Date of Award

Fall 12-13-2021

Degree Type


Degree Name

Doctor of Philosophy (PhD)



First Advisor

Wendy Simonds

Second Advisor

Rosalind Chou

Third Advisor

Tomeka Davis


Typically, when most people hear the word “gangs,” the usual connotation is that of boys and men. However, recent studies show that women and girls make up about 30% of the gang population and that most gangs are mixed-gender (Curry 1998, Miller and Brunson 2000, Sutton 2017). The experiences of gang-affiliated women remain under-theorized and understudied. Moreover, studies in criminology often dehumanize gang members and advance archaic ideas of inherent criminality.
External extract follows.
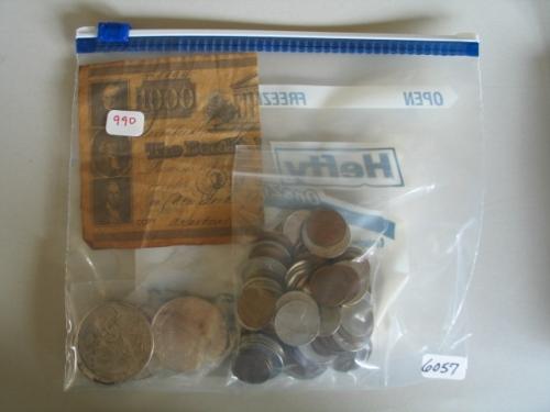 LOT, (3) 1982 SUNSHINE MINE 1 OZ SILVER MEDALLION, MEXICAN SILVER COIN, MISC. CANADIAN COINS & COPY

By utilizing a critical race theory (CRT) framework, I analyze how gang membership results from the intersection of racist practices and U.S. laws (Bell 1995, Crenshaw 1995, Ladson-Billings and Tate 1995, Solórzano, Ceja and Yosso 2000). This exploratory study demonstrates the complexities of how minoritized neighborhoods create a climate ripe for gang membership. By centering gang narratives, I highlight the myriad ways that people living in Southeast San Diego navigate gang culture and identity, gender expectations, and criminalization. Through a feminist standpoint lens, I employ the “docent method,” a qualitative place-based approach, to accompany 30 men and women gang members and affiliates on a walking or driving interview (Chang 2017). My work challenges the one-sided, male-dominated research seen in gang literature. Black women gang members use their gang-affiliated identities as a tool to navigate violence within their neighborhoods. I argue that place-identity, shared gang identity, and "Black extraordinary adolescent trauma" bonds young men and women into "gang kinship networks." In addition, I offer alternative narratives to the stereotype of violent gang members. While on the one hand, there are instances where men gang members adopt conventional patriarchal norms of masculinity, on the other hand, they can exhibit caring attitudes towards people within their gang kinship network. Finally, I argue that low-income minoritized youth are subject to “legal violence” routinely practiced by local law enforcement (Menjívar and Abrego 2012). The legal jurisdictions of gang documentation, gang injunctions, and policing practices interlink with social conditions to cause social suffering (Menjívar and Abrego 2012). These punitive laws create additional barriers for documented gang members, trapping them in the cycle of re-offending, and blocking Black and Latinx youth from upward mobility.